Figure 5. Syntaxins 3 and 4 are present in the brain, and are capable of in vitro interaction with both SNAP-25 and synaptobrevin 2

(A) Western immunoblot analysis of rat internal organs and different parts of brain. Protein normalization (30 μg per lane) was verified by Coomassie staining (CS). (B) Recombinant syntaxins 3 and 4 form SDS-resistant SNARE complexes upon addition of SNAP-25 and synaptobrevin 2 (syb2) in a 30 min reaction at 24 °C. Coomassie stained gel. (C) Syntaxins 3 and 4 (Syx3 and Syx4) are as capable of direct binding to SNAP-25 as syntaxin 1. Immobilized GST fusion proteins of syntaxins were incubated with SNAP-25 for 30 min and, after extensive washing, were analysed by SDS/PAGE and Sypro Orange staining. A control reaction was performed using glutathione–Sepharose beads without GST–syntaxin, but in the presence of SNAP-25.

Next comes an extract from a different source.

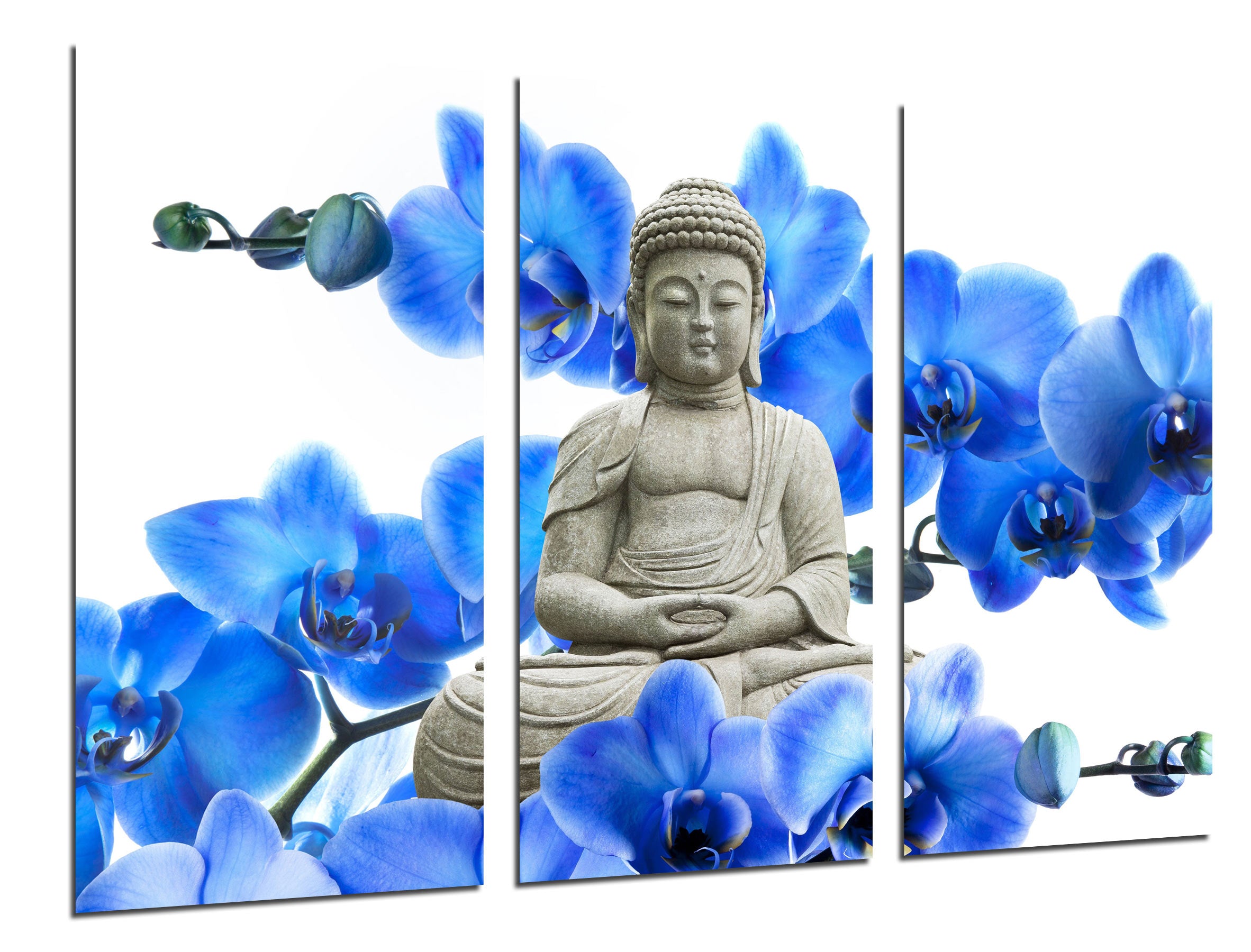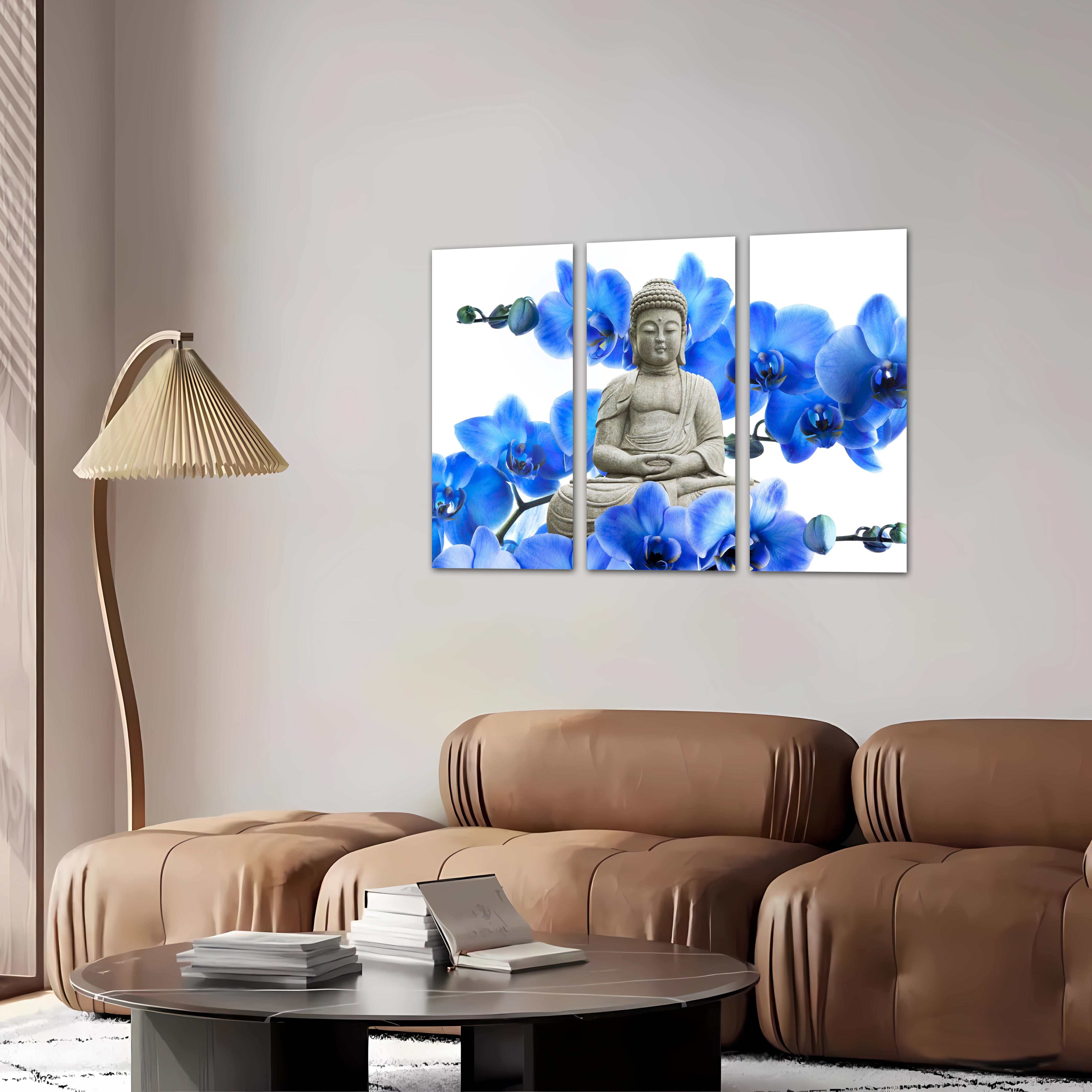 Tríptico buda oriental, ramas, azul escultura ,relajacion, meditacion, zen

Figure 6. SNARE complexes formed by syntaxins 1–4, SNAP-25 and synaptobrevin 2 differentially interact with complexin and synaptotagmin 1

SNAP-25 and synaptobrevin 2 were pre-bound to GST–syntaxin (GST-Syx) beads (upper panel; Coomassie-stained gel). The four SNARE complexes were incubated with rat brain Triton X-100 extract for 1 h at 4 °C. Following washing, the SNARE complexes were immunoblotted using anti-complexin (Cxn) or anti-synaptotagmin-1 (Syt1) antibodies (lower two panels). Syb2, synaptobrevin 2.